I’ve have a look for the earlier version as I can’t now remember how they differed, and I didn’t bother to re-read what this said before I posted it, either.
That’s largely because what is here is being subsumed into what I think are more deliverable ideas linked to the unio national disaffiliation/local reaffiliation idea we’ve touched on previously, and which I’ll be working up more fully this weekend. So, yes, the current piece is very much first draft and there’s plenty to be ironed out, though in this ‘legislative’ form I think it’s not worth the trouble as it won’t happen; energies should be put into forcing through the Labour party by tapping into the unions’ (potential) financial control over Labour party. I don’t give a monkey’s what the Tories do.
On the matter of unions not being to LP and branches therefore being disadvantaged by il-luck, this is part of the same issue, and part of the benefit of what I propose is the drawing back in of non-affiliates on the basis of a fundamentally changed power structure in the party (i’m not underestinmating the scale of the challenge).
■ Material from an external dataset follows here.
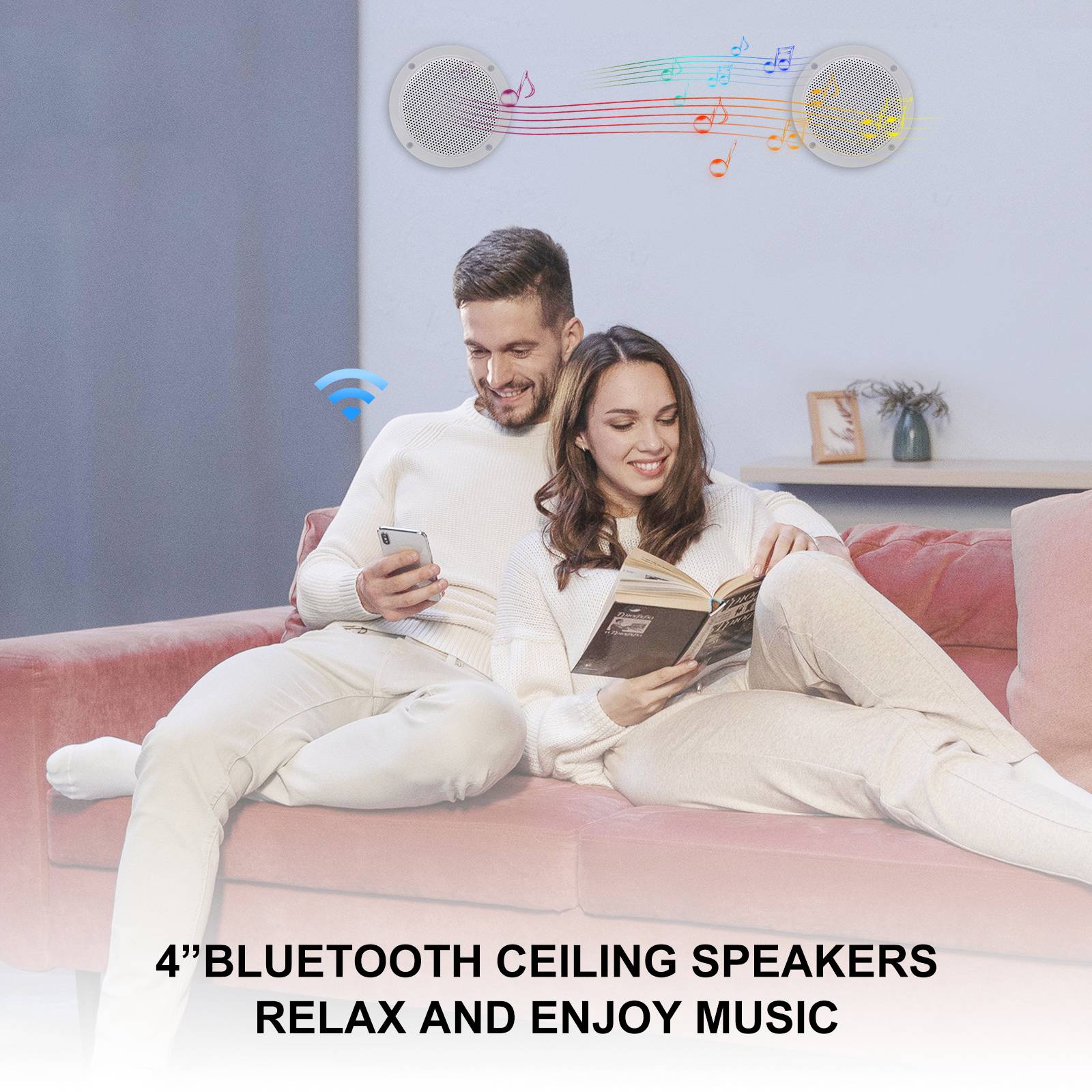 Универсальная совместимостьПотолочные колонки Bluetooth с компактным профилем и стереозвуком. Совместим со всеми устройствами Bluetooth. Воспроизводите любимую музыку со своего смартфона, планшета или другого устройства Bluetooth на кухне, в спальнях и ванной комнате с помощью простого и удобного сопряжения | Полный комплект-простая установкаЕго можно установить в ту же потолочную полость, что динамик установлен или спрятан в любом шкафу или ящике. Нет необходимости в прямой видимости, так как вы можете контролировать громкость, пропускать треки и включать и выключать с помощью Bluetooth устройства (например, мобильный телефон/планшет). | Морской класс и функцииКолонки с высоким морским классом IP66 также имеют функции защиты от соли, тумана, УФ-защиты, высокой термостойкости. Общий корпус распылителя выделенное покрытие, весь блок запечатан, и он также может играть идеальное качество звука в суровых условиях |

On the canvassing stuff, yes, I take your point fully and I do take my hat of the people who’ve done that re-engineering. I’ve not really thought through the extent to which that can be localised though, because i’m warming up also for some fairly controversial statementology, which I think you may disagree with a good deal at first reading, about the value (and opportunity cost) of the whole canvassing operation, in relation to the overall campaigning/politicking distinction that has hold in the current LP notwithstanding noticeable but still relatively marginal improvements around canvassing techniques-cum-policy messaging
hmmm, I’ll look forward to that but expect to disagree. To me, canvassing is the most effective tool we have available to win elections. It’s face-to-face, so we know our message is being listened to with no filters inbetween the source and its target; it’s interactive, so we have the chance to listen to concerns directly again without filters, and it’s high-quality – personalised, flexible and intensive. There are higher-engagement tools – for example working on campaigns with other folks, but they will inevitably reach fewer people. There’s no doubt that canvassing is a drain on human resources, but it’s worth it.